→ Problem statement
This task calls for the lines below starting at the one containing "Kandıra'dan İzmit istikametine" and ending at the one containing "- For a given", repeated exactly with both ends kept and pictures left out.

→ Data for this task
= = =
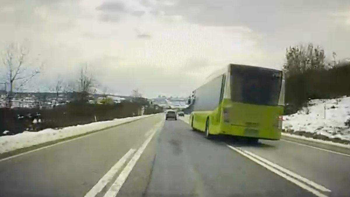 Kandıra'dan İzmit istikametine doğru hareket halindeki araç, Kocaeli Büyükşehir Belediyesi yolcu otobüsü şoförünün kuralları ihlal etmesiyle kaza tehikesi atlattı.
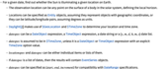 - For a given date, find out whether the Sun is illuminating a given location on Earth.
= = =
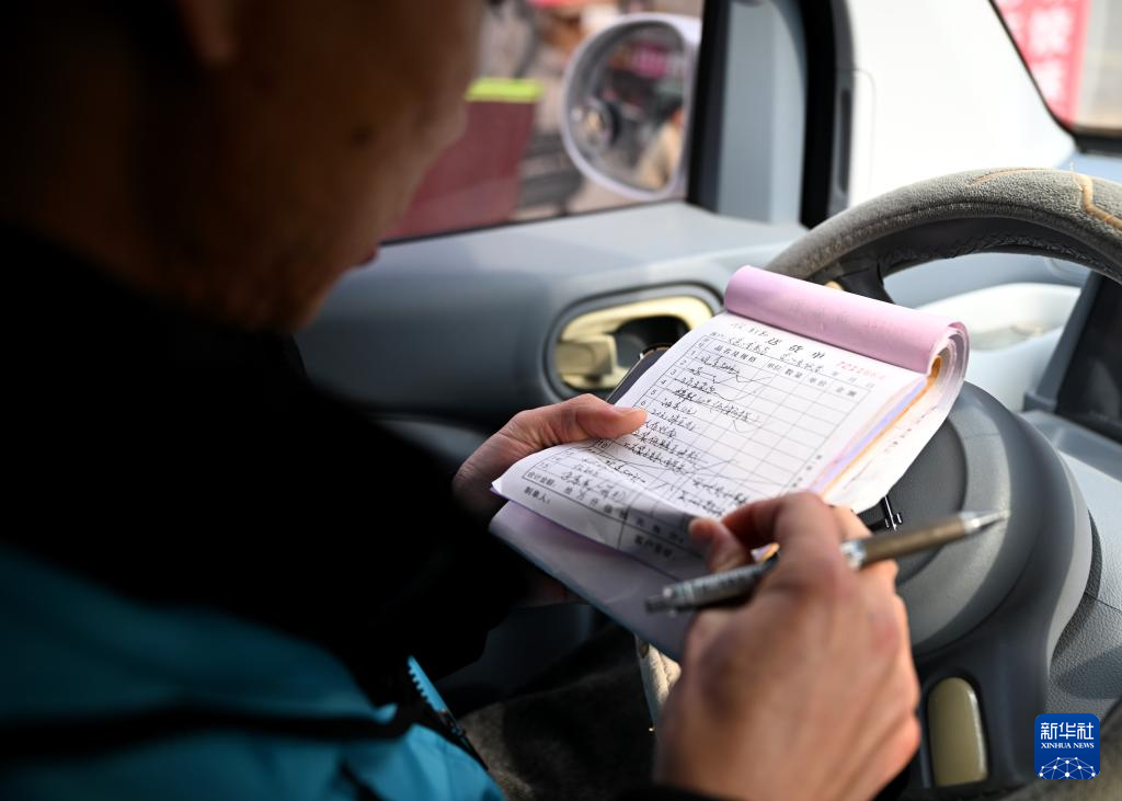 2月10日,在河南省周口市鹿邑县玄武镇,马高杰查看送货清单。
= = =
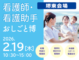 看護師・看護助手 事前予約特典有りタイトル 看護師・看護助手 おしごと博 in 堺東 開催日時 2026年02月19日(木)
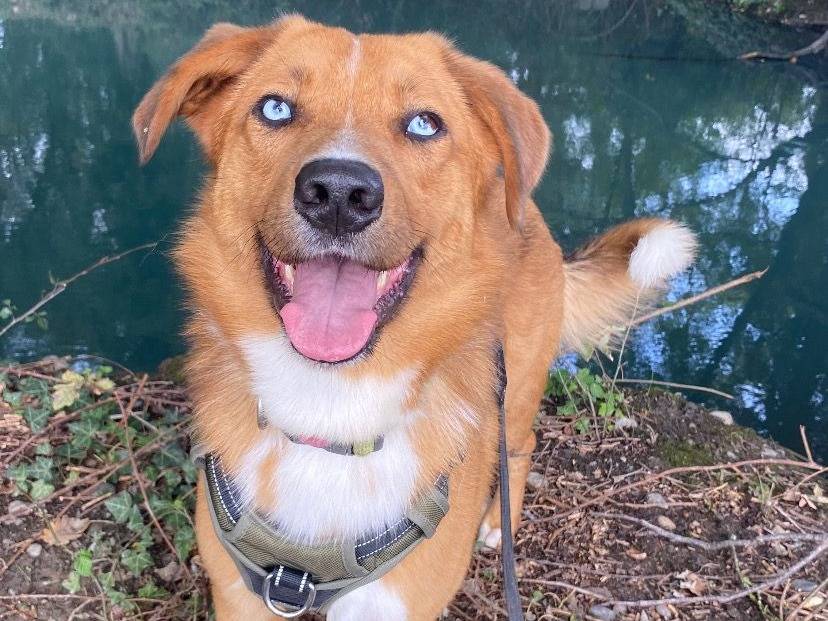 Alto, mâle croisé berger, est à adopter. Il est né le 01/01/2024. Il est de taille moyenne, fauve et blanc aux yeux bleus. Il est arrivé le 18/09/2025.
= = =
→ Written response
 Kandıra'dan İzmit istikametine doğru hareket halindeki araç, Kocaeli Büyükşehir Belediyesi yolcu otobüsü şoförünün kuralları ihlal etmesiyle kaza tehikesi atlattı.
 - For a given date, find out whether the Sun is illuminating a given location on Earth.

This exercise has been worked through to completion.